UK entrepreneurs can also apply to venture funds run by various technology companies, who are generally seeking somewhere to invest their money or a way to gain exposure to new trends. But this leads us onto the second reason why there is such an under-representation of technology in the FTSE 100 – merger and acquisition activity. Several leading UK technology companies, both publicly listed and privately owned, have been taken over in recent years, including ARM Holdings, Cambridge Silicon Radio, Imagination Technologies and Autonomy.
UK technology companies are attractive because they tend to be at the cutting edge of their fields. Deep Mind, for example, is now owned by Alphabet, the parent company of Google. The company is a leader in machine learning, with its algorithms able to train its computers with less data than many other companies.
Coupled with this expertise has been the UK government’s laissez faire approach to corporate takeovers over the past thirty years, regardless of the political party in power. So although the country does not lack for technology companies or a technology industry, it seems there are structural reasons for the lack of technology exposure in the upper echelons of the FTSE 100.
Could technology change the index in other ways?
While pure technology companies might not become more prevalent within the domestic index, it’s possible that UK businesses may harness trends around technology and the internet more than is the case elsewhere.

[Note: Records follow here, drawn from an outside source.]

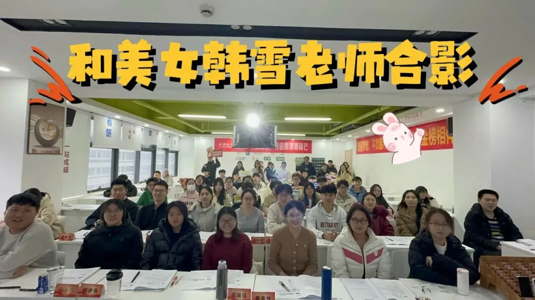 课程的最后,同学们纷纷围在韩雪老师身边,用相机定格下这段难忘的学习时光。镜头里,一张张年轻的脸庞洋溢着收获的喜悦,一双双坚定的眼眸饱含着对未来的期许。合影的快门声响起,不仅记录下师生相聚的温馨瞬间,更定格了同学们在考研路上的成长与蜕变。
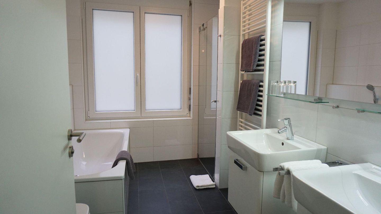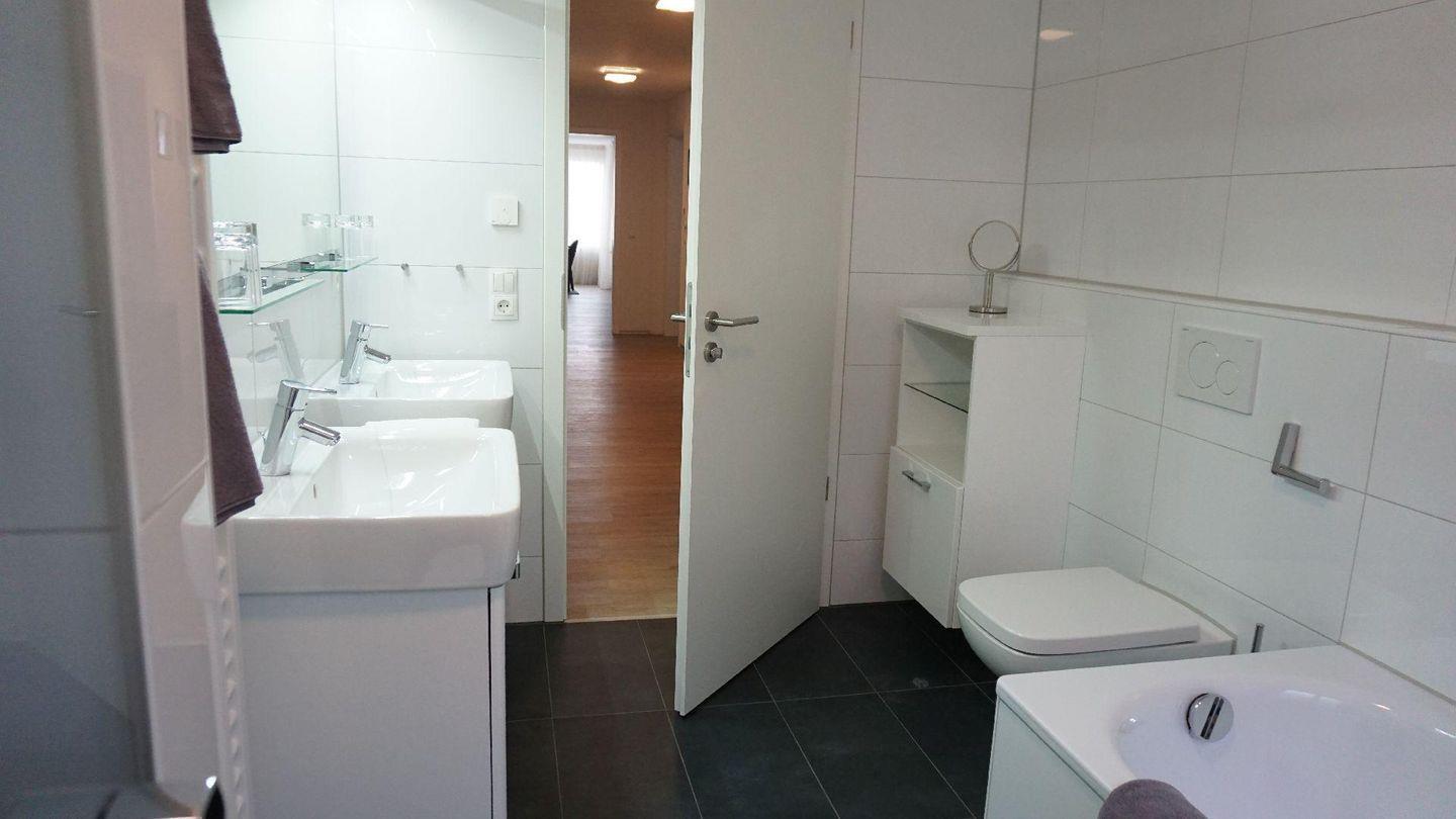 Hier fühlen Sie sich sofort wohl. Die außerordentlich großzügigen Räume bieten bis zu 6 Personen ein komfortables, stilvolles Urlaubs-Zuhause. Alle Zimmer sind modern und hochwertig eingerichtet und mit Extras versehen, wie etwa einer automatischen Rollade oder in den Schrank integrierte TV-Flatscreens. Hervorragend ist auch die Ausstattung in der großen, offenen Küche. Es stehen Ihnen zwei Bäder jeweils mit ebenerdiger Dusche und WC zur Verfügung. Ebenso ein Tiefgaragenplatz im Haus, sowie ein zweiter Stellplatz auf dem Grundstück. Im Untergeschoss können Sie die private Waschmaschine und den Trockner frei verwenden. Ein schattiger Spielplatz liegt direkt gegenüber.
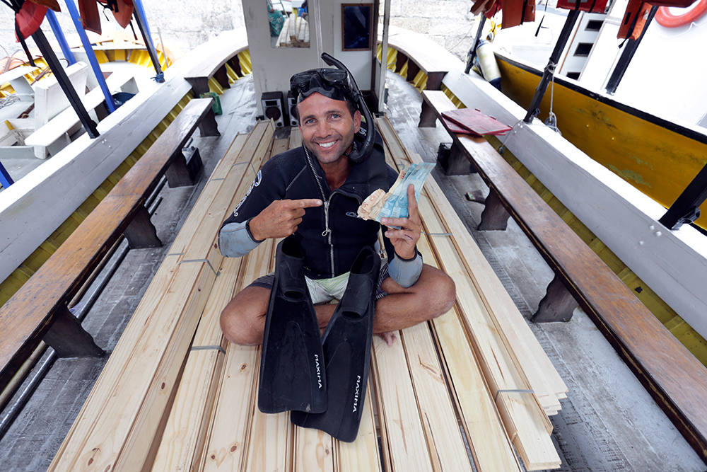 A novidade veio dar quase na praia. Desde a manhã do domingo, dia 20, uma quantia indefinida de numerário foi vista boiando nas águas sujas da Baía, às margens do bairro da Urca. O cardume de papel-moeda era formado por cédulas de valores graúdos, 50 e 100 reais. Não deu outra: a turma lançou-se ao mar atrás da grana. Alguns se aventuraram a bordo de embarcações de tamanhos variados, outros com equipamento de mergulho profissional. Houve até quem tentasse a sorte de roupa e tudo, carteira e celular no bolso — caso de Alex Conceição, flagrado em reportagem de Clarissa Monteagudo e Júlia Cople publicada no jornal Extra. Alex voltou para casa de bolsos molhados e vazios, provavelmente porque começou tarde a caça ao tesouro, na terça (22). A ele, juntaram‑se pessoas de todos os cantos que, ao saber da notícia, foram tomadas de súbito amor pela pescaria. A concentração de gaiatos, curiosos e desesperados atrás de dinheiro fácil deu-se no ponto conhecido como Quadrado da Urca, atracadouro transformado em santuário ecológico da nova e rara atração aquática. Quem esbarrou com o fenômeno no início está comemorando. Roberto Pereira é pescador, categoria não exatamente famosa pela fidelidade de suas histórias, mas, exultante, contou ter resgatado 45 000 reais no domingo. Depois de nadar em dinheiro, comprou material para reformar seu barco. Houve quem retornasse à terra firme com até 10 000 reais. A origem das cédulas, em parte já se esfacelando depois do contato com a água salgada, ainda era ignorada até meados da semana. Na base da gozação, surgiram palpites como “deu a louca em um velho militar” e “veio no esgoto do Cabral”. Não faltou quem lembrasse da oferenda a Iemanjá feita pelo empresário Eike Batista, no último 2 de fevereiro, mas o acerto entre o ex-bilionário e a rainha dos mares aconteceu longe dali e em moedas de ouro. Todo mundo, no final das contas, deu um jeito de, ao menos, se divertir um pouco. A ajuda, em tempos de crise, vem dos lugares mais improváveis.
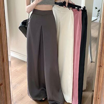 2024 春夏パンツ サテン シルク ワイド ウエストゴム ハイウエスト 脚長効果 美脚効果 細見え ゆったり 春 白 韓国ファッション レディース お出かけ
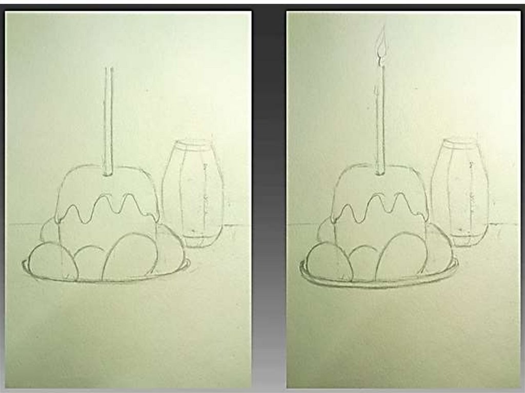 • Прорисуем ветви вербы и свечу на куличе.
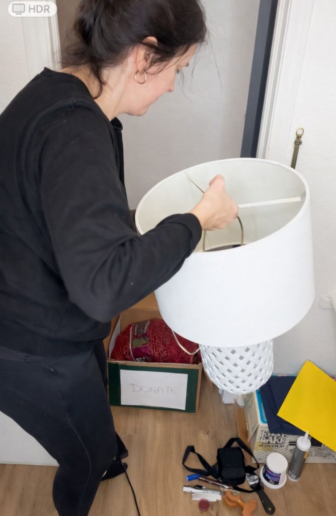 - 3 collapsible cube storage bins (I like using fabric collapsible bins — one for donate, one for sell, and one for not-sure-yet)
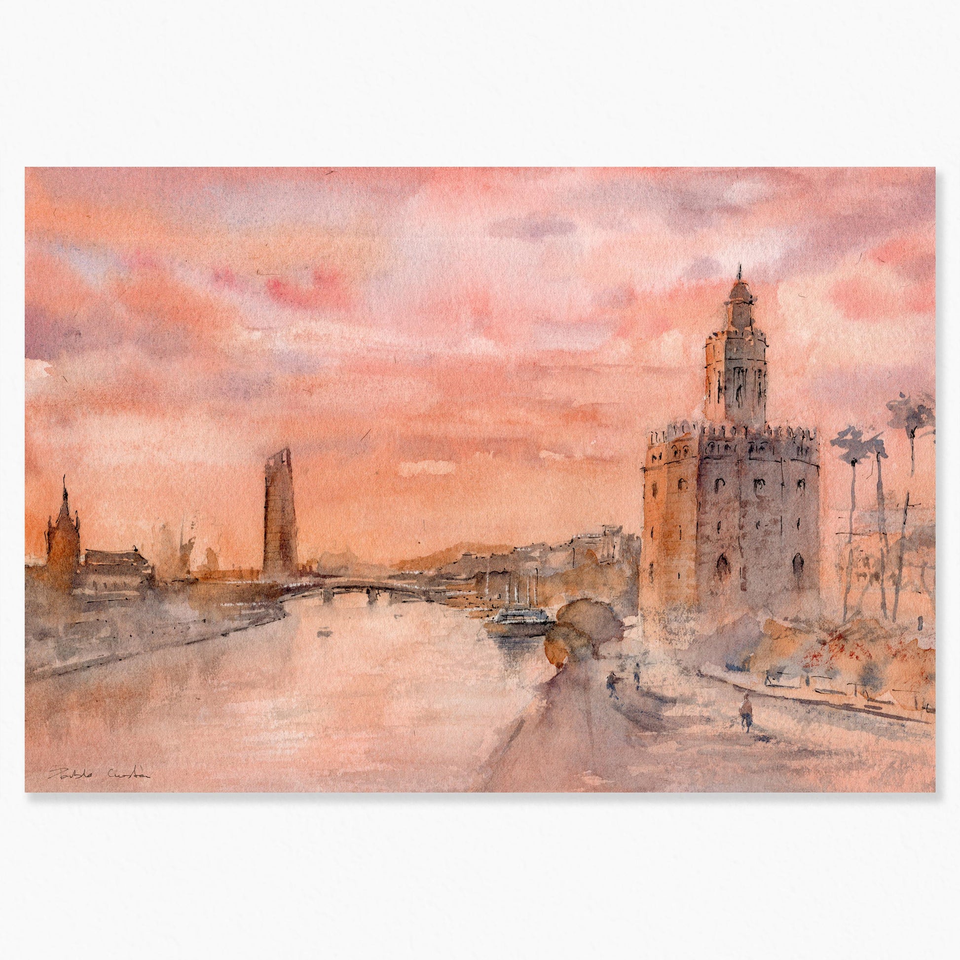 Esta impresión fine art nace de una acuarela original de Sevilla pintada a mano, inspirada en un lugar significativo de la ciudad. La obra busca transmitir su atmósfera única —la luz, el movimiento y la esencia del entorno— sin recurrir a una representación literal.

This is partly because of the willingness of UK consumers themselves to embrace the internet. Online shopping accounts for 17.8% of UK retail sales for example, compared to just 14.8% in the US. This figure is only expected to move higher, with companies like Next already making more than 50% of their sales online. While there are still logistical issues around online shopping, these will almost certainly be worked out in the next few decades. UK companies at the forefront of these trends, like ASOS or Boohoo, could be strong contenders for FTSE 100 inclusion in future should they decide to move their listing.
While there might not be more outright technology companies, the business models of some of the companies entering the FTSE 100 increasingly revolve around information technology. For example, Ocado entered the FTSE 100 earlier this year, with the company’s prospects dependent on its technological expertise in online shopping and delivery. Even companies which seem relatively insulated from technological developments could see their business models transformed. Utility companies, for example, are now beginning to look at how they could use artificial intelligence and machine learning in their businesses.
In the short term, it seems like the FTSE 100 will continue to look much like it does now. The structural barriers to UK technology companies being and remaining listed, including a lack of funding and the government’s relaxed attitude to takeovers, will probably contribute to a continued lack of dedicated technology exposure. While there are active efforts to try to overcome this, they are first likely to bear fruit within the FTSE Small Cap and FTSE 250 indices, the small and mid-cap counterparts to the FTSE 100.
Over the longer term, however, it might be that the FTSE 100 tilts towards a more recognisably British list of traits. A traditional love of the high street, the readiness of consumers to spend money, and a fondness for Friday night takeaways all point to strong growth for internet retailers and associated businesses. The FTSE 100 might not lose its international flavour, but the success of some of its members may lie in some very British characteristics.